* _ABOUT THIS TASK_: Output the entries exactly. Start at the first line, finish with the line containing "Thus, subtypes of", and omit the pictures.

* _Recorded data_:
□ □ □
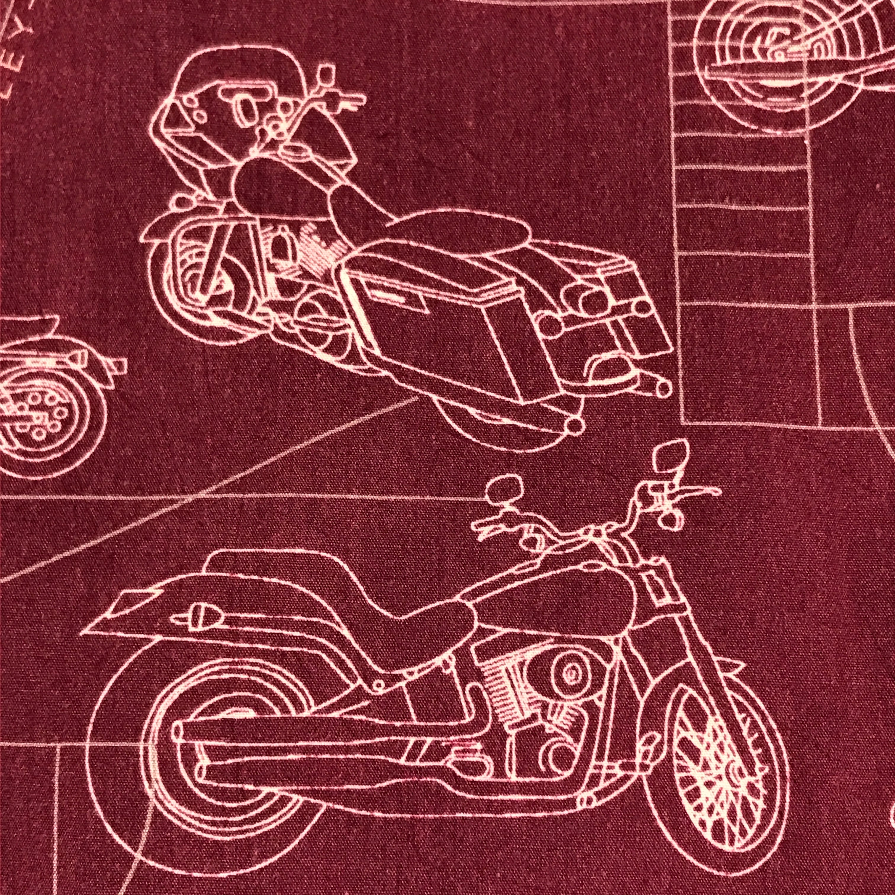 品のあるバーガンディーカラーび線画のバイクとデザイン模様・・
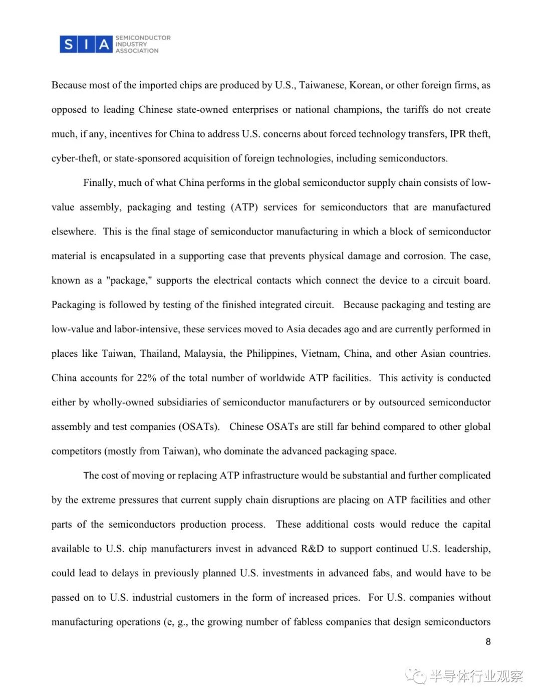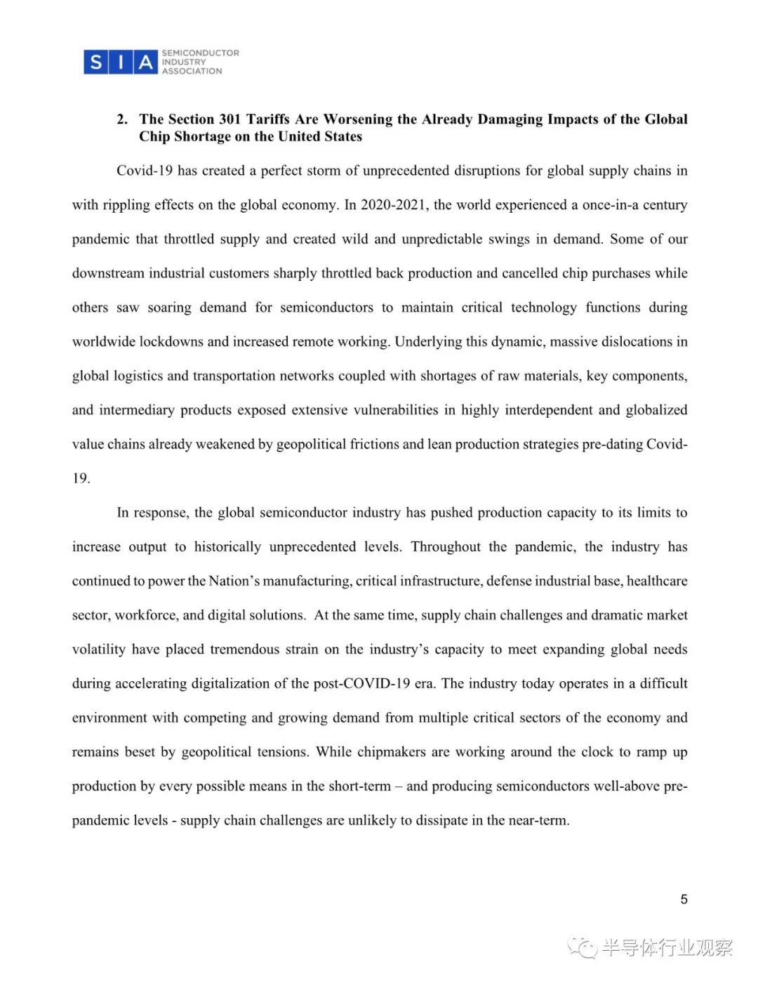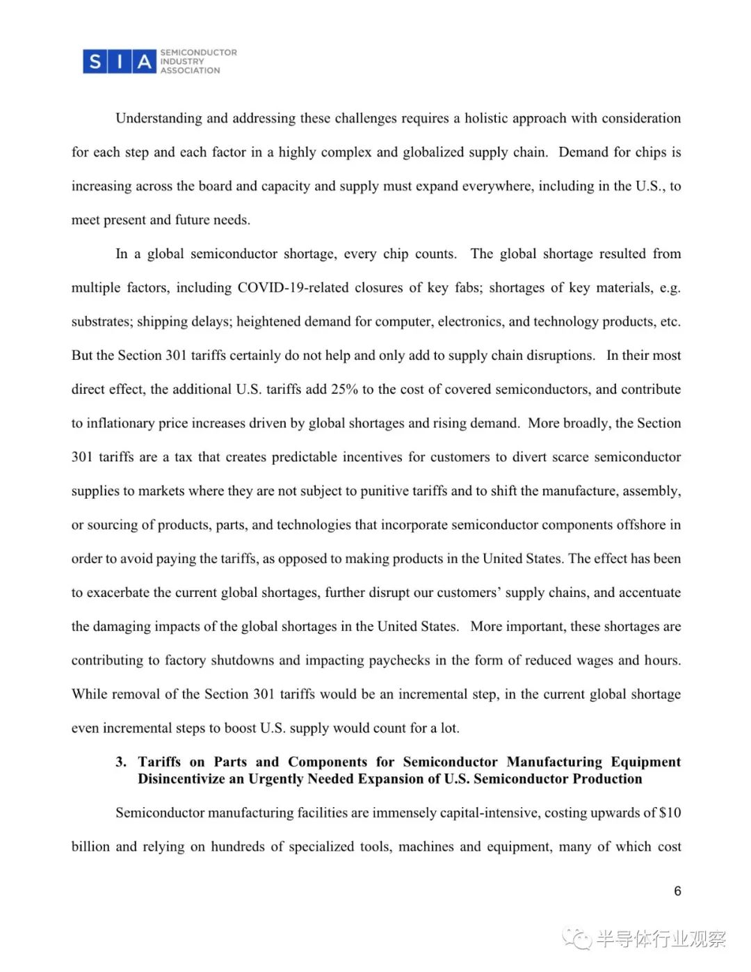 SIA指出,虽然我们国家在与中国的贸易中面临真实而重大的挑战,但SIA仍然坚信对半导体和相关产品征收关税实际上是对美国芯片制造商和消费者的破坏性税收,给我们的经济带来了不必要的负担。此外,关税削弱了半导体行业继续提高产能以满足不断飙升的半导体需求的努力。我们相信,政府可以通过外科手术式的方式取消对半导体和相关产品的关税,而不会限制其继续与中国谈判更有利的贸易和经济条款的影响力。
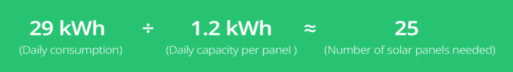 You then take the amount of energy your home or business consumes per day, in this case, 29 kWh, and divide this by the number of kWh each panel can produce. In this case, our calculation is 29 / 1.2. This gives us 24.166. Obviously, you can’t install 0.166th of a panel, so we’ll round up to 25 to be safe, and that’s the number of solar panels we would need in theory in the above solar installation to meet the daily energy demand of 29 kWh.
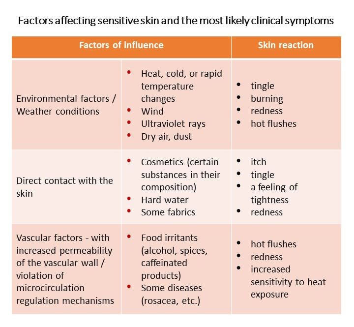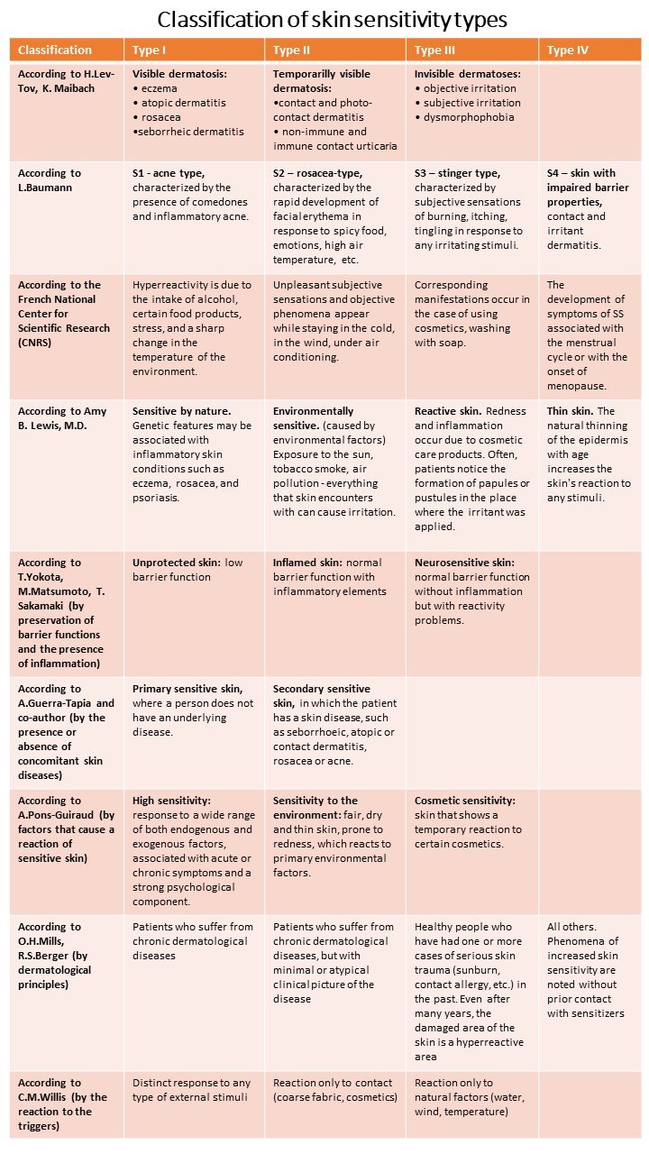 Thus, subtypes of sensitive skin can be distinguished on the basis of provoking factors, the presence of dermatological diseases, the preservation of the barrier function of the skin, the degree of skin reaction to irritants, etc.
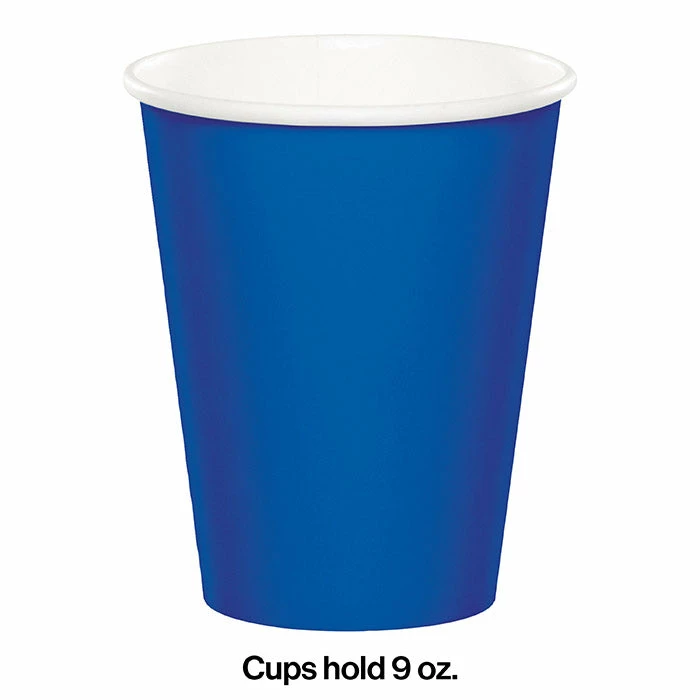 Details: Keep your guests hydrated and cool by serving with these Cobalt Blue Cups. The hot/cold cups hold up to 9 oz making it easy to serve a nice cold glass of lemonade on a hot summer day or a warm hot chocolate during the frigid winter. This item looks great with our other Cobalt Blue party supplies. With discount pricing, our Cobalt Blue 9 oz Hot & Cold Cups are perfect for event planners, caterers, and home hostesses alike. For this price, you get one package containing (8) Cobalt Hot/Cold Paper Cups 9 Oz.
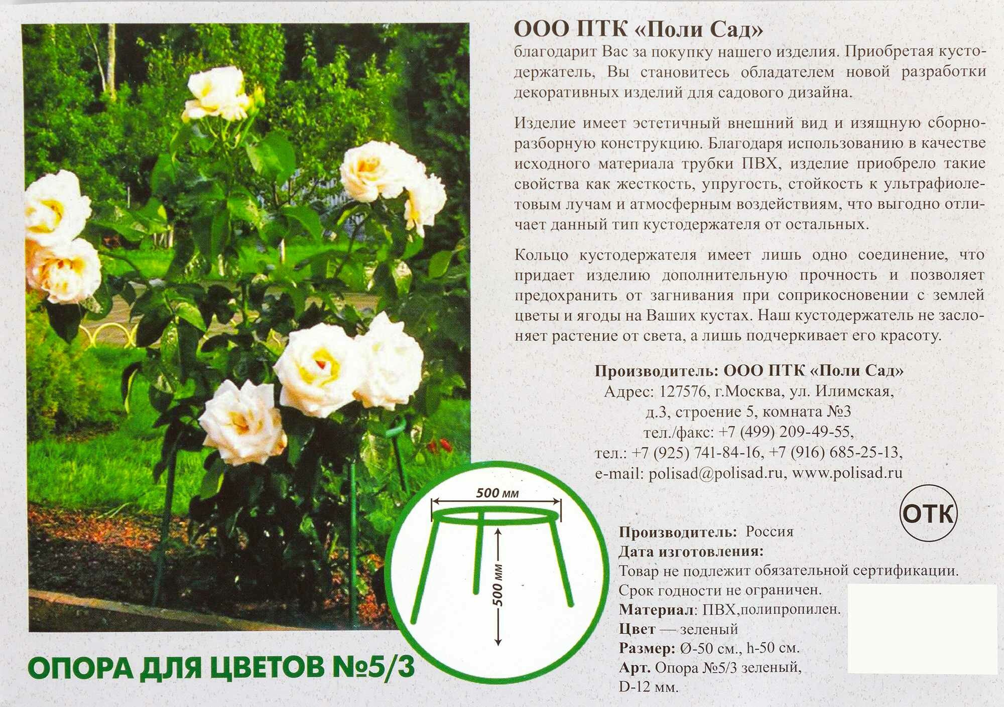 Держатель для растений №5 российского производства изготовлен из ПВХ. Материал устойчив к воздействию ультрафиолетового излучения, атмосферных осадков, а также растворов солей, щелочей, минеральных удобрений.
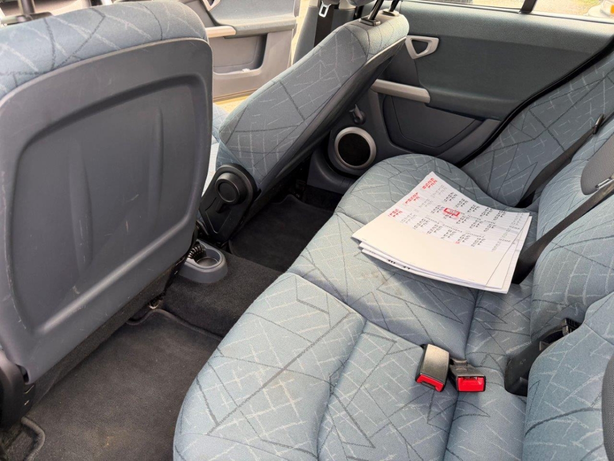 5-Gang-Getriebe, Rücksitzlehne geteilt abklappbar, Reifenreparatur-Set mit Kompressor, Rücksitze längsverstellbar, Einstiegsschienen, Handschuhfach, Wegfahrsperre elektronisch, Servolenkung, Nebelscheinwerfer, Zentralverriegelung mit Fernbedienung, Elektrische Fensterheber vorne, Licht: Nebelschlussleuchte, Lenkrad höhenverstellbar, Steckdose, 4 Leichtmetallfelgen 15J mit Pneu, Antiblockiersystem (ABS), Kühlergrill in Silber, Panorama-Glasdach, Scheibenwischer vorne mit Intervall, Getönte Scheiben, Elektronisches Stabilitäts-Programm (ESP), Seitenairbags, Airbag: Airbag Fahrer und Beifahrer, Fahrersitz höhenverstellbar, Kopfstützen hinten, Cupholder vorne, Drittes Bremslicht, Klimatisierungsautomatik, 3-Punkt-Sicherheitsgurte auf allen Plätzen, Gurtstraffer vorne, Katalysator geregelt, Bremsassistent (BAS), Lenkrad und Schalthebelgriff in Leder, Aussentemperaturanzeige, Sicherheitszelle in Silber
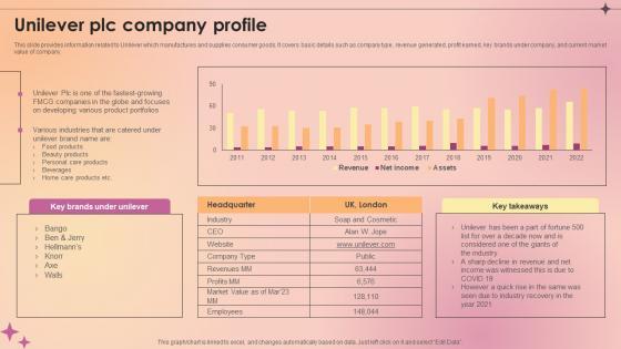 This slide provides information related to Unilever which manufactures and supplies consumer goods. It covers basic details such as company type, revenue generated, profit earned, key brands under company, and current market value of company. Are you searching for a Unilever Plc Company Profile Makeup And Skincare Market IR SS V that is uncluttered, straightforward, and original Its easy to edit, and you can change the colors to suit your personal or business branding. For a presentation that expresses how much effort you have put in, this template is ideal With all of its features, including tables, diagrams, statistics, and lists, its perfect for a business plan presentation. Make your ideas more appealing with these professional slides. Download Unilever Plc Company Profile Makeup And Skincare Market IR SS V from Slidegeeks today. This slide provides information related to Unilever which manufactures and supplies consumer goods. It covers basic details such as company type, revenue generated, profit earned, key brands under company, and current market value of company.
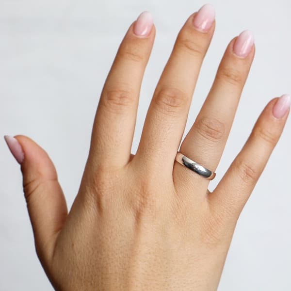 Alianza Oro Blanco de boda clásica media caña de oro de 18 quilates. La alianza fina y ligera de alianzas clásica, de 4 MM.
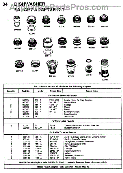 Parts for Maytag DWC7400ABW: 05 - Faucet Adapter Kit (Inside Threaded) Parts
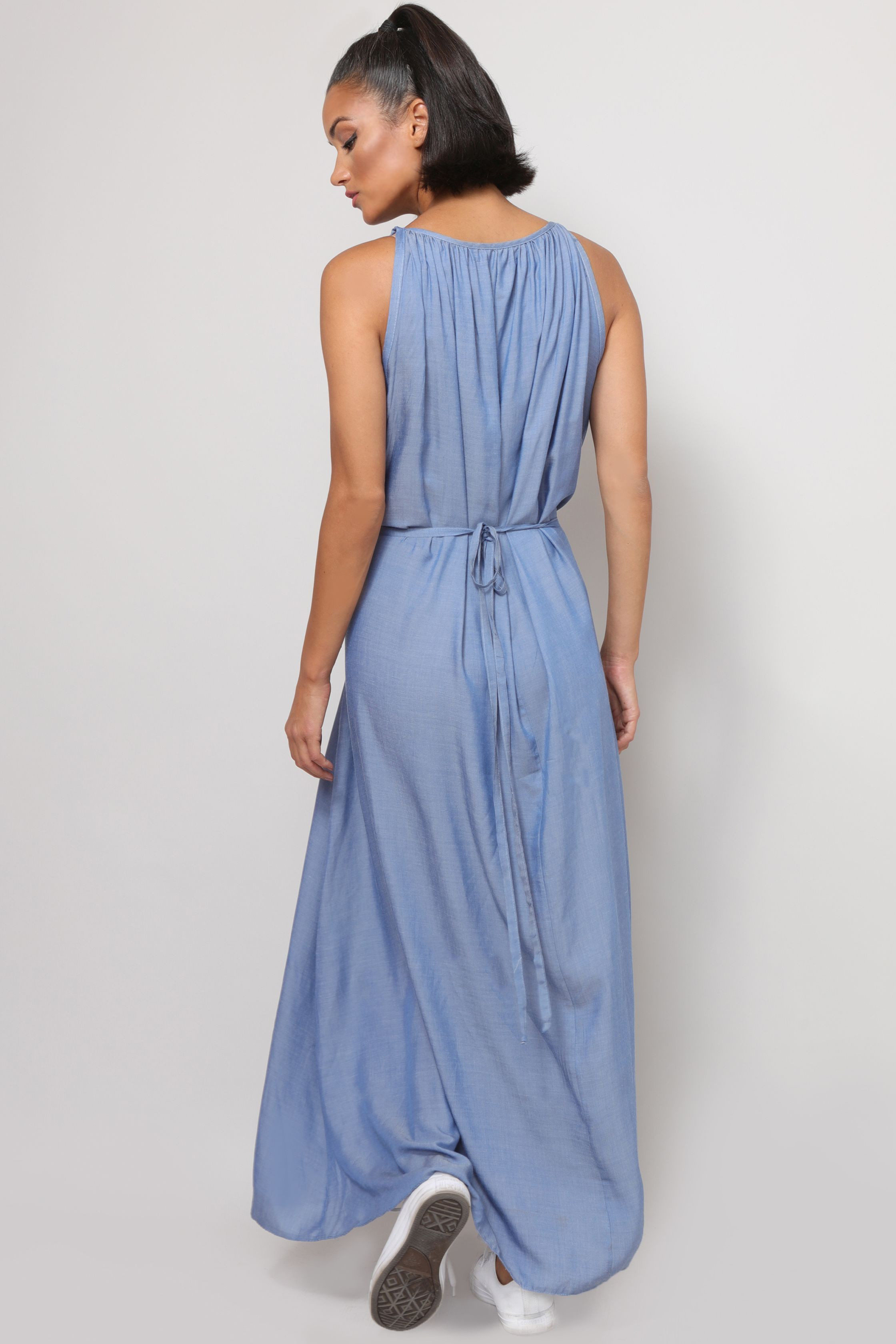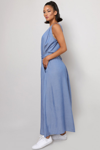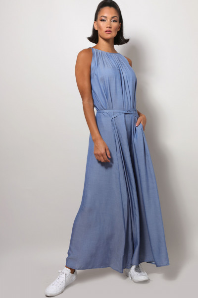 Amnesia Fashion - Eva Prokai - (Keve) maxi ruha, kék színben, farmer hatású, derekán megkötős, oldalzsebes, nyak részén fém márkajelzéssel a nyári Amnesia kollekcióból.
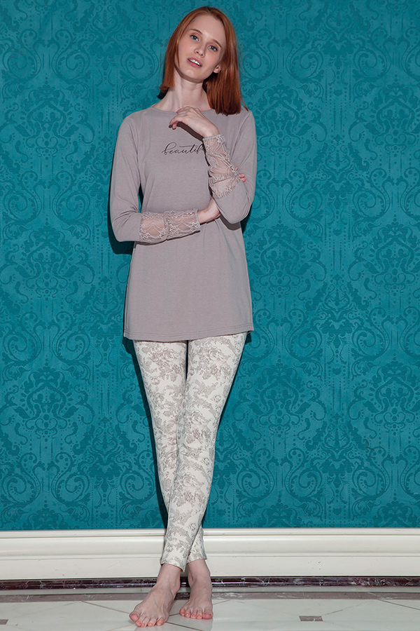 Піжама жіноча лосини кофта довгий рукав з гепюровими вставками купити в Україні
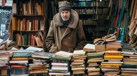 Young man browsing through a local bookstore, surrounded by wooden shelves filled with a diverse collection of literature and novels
□ □ □
* _WRITTEN RESPONSE_:
 品のあるバーガンディーカラーび線画のバイクとデザイン模様・・
 SIA指出,虽然我们国家在与中国的贸易中面临真实而重大的挑战,但SIA仍然坚信对半导体和相关产品征收关税实际上是对美国芯片制造商和消费者的破坏性税收,给我们的经济带来了不必要的负担。此外,关税削弱了半导体行业继续提高产能以满足不断飙升的半导体需求的努力。我们相信,政府可以通过外科手术式的方式取消对半导体和相关产品的关税,而不会限制其继续与中国谈判更有利的贸易和经济条款的影响力。
 You then take the amount of energy your home or business consumes per day, in this case, 29 kWh, and divide this by the number of kWh each panel can produce. In this case, our calculation is 29 / 1.2. This gives us 24.166. Obviously, you can’t install 0.166th of a panel, so we’ll round up to 25 to be safe, and that’s the number of solar panels we would need in theory in the above solar installation to meet the daily energy demand of 29 kWh.
 Thus, subtypes of sensitive skin can be distinguished on the basis of provoking factors, the presence of dermatological diseases, the preservation of the barrier function of the skin, the degree of skin reaction to irritants, etc.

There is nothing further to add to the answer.